Emergency checks are being made worldwide for “suspect components” in the tail of the widely flown latest or NG models of the Boeing 737 but the checks won’t hold up anyone flying in more than 100 of the jets in service with Qantas and Virgin Blue.

Only seven of the 41 Qantas 737s that are subject to the order will, for example, need to be checked within 12 days and this will take place during normal ground time.

The drama so far is administrative, except for the experience of 146 passengers on a comparatively new Ryanair 737-800, which began to shake violently after taking off from Eindhoven, in the Netherlands, for Madrid on March 2 and made an urgent landing at Brussels instead.

Following  that incident Boeing issued a service bulletin last Friday requiring 737 NG series operators to perform a series of checks and maintenance procedures on parts of the horizontal stabiliser, housed in the stubby wings near the tail of the jet.

But within hours of that bulletin being issued, it was reviewed by the US Federal Aviation Agency and replaced with an “emergency airworthiness directive” aimed a detecting and correcting “an unsafe condition that is likely to exist or develop on other airplanes of this same type design”.

The FAA said it had identified a failure path that could destroy the elevator or horizontal stabiliser, which keeps the nose of the jet from pitching up or down uncontrollably and could thus cause a crash.

The FAA’s action compels airlines to complete the checks and any remedial action according to deadlines that cannot be deferred, and also compels them to inform Boeing of their findings and actions so that the extent of the problem with the suspect components can be fully understood.

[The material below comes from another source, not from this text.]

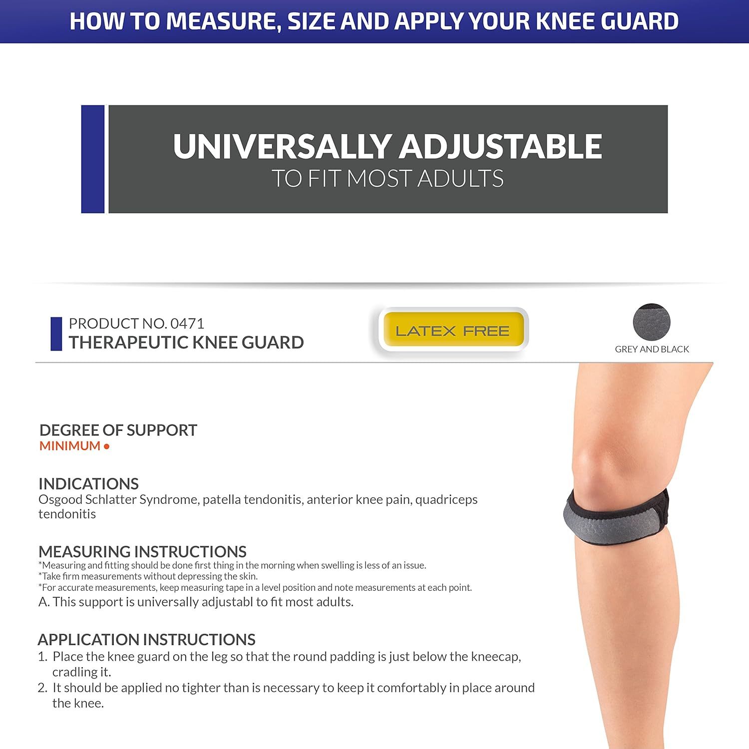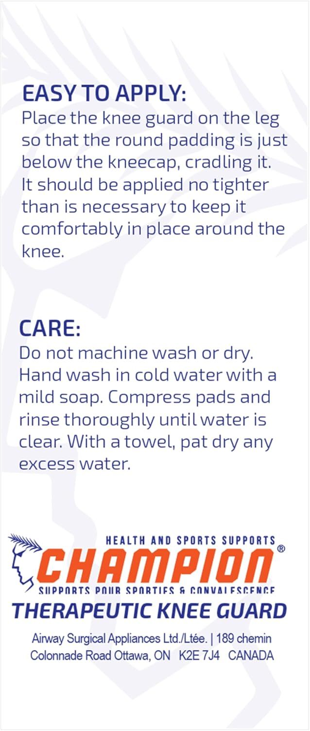 Champion brand (model C-471) therapeutic knee guard. This knee guard targets the causes of minor knee pain due to abnormal tracking or alignment of the knee cap. It works with the normal movement of the knee, applying pressure to the joint liner and patellar tendon to assist in the relief of minor pain.

Qantas and Virgin Blue will have 12-30 days to comply and report in many instances, depending on the age of the jets and whether they are flown longer distances over water, and what work might have recently been performed on them to normal maintenance requirements.

There is, however, a history of elevator issues with older model 737s, which are now only rarely seen in Australia. When the obsolete 737-200 model was in service with Oz Jet, two of its charter flights experienced horizontal stabiliser failures and “flutter” leading to emergency landings.

Compliance with airworthiness directives has not been a strong point in Australian operations at the highest level in recent years.

In 2008 CASA denied any responsibility for ensuring such compliance following the discovery that Qantas had failed to complete an AD for repairs to some of its Boeing 737-400s for five years. However, before Easter 2001 it threatened to ground Ansett completely over its failure to apply an AD to its aged Boeing 767-200s, and before Christmas  2000 it was involved in the holiday grounding of the same fleet for Ansett’s failure to comply with a different aged airframe inspection AD.